Existing state-of-the-art RGB-D salient object detection methods explore RGB-D data relying on a two-stream architecture, in which an independent subnetwork is required to process depth data. This inevitably incurs extra computational costs and memory consumption, and using depth data during testing may hinder the practical applications of RGB-D saliency detection. To tackle these two dilemmas, we propose a depth distiller (A2dele) to explore the way of using network prediction and attention as two bridges to transfer the depth knowledge from the depth stream to the RGB stream.
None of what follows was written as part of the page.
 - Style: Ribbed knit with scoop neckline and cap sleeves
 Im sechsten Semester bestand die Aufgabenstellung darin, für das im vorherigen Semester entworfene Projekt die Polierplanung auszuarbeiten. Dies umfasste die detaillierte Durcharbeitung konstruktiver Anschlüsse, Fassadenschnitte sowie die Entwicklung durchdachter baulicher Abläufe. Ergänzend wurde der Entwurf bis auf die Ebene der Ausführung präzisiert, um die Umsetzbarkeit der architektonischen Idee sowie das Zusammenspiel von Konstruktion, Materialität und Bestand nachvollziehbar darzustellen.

First, by adaptively minimizing the differences between predictions generated from the depth stream and RGB stream, we realize the desired control of pixel-wise depth knowledge transferred to the RGB stream. Second, to transfer the localization knowledge to RGB features, we encourage consistencies between the dilated prediction of the depth stream and the attention map from the RGB stream. As a result, we achieve a lightweight architecture without use of depth data at test time by embedding our A2dele. Our extensive experimental evaluation on five benchmarks demonstrate that our RGB stream achieves state-of-the-art performance, which tremendously minimizes the model size by 76% and runs 12 times faster, compared with the best performing method. Furthermore, our A2dele can be applied to existing RGB-D networks to significantly improve their efficiency while maintaining performance (boosts FPS by nearly twice for DMRA and 3 times for CPFP).

查看原文

微信好友朋友圈 QQ好友复制链接

本刊更多论文

A2dele:高效RGB-D显著目标检测的自适应和专注深度蒸馏器

现有最先进的RGB-D显著目标检测方法依赖于两流架构来探索RGB-D数据，其中需要一个独立的子网来处理深度数据。这不可避免地会产生额外的计算成本和内存消耗，并且在测试期间使用深度数据可能会阻碍RGB-D显著性检测的实际应用。为了解决这两个困境，我们提出了一个深度蒸馏器(A2dele)来探索使用网络预测和注意力作为两个桥梁将深度知识从深度流转移到RGB流的方法。首先，通过自适应地最小化深度流和RGB流生成的预测之间的差异，我们实现了对传输到RGB流的逐像素深度知识的期望控制。其次，为了将定位知识转移到RGB特征，我们鼓励深度流的扩展预测与RGB流的注意图之间的一致性。因此，通过嵌入我们的A2dele，我们实现了一个轻量级的架构，而无需在测试时使用深度数据。我们在五个基准测试上的广泛实验评估表明，我们的RGB流达到了最先进的性能，与性能最好的方法相比，它将模型大小极大地减少了76%，运行速度提高了12倍。此外，我们的A2dele可以应用于现有的RGB-D网络，在保持性能的同时显著提高其效率(DMRA将FPS提高近两倍，CPFP提高3倍)。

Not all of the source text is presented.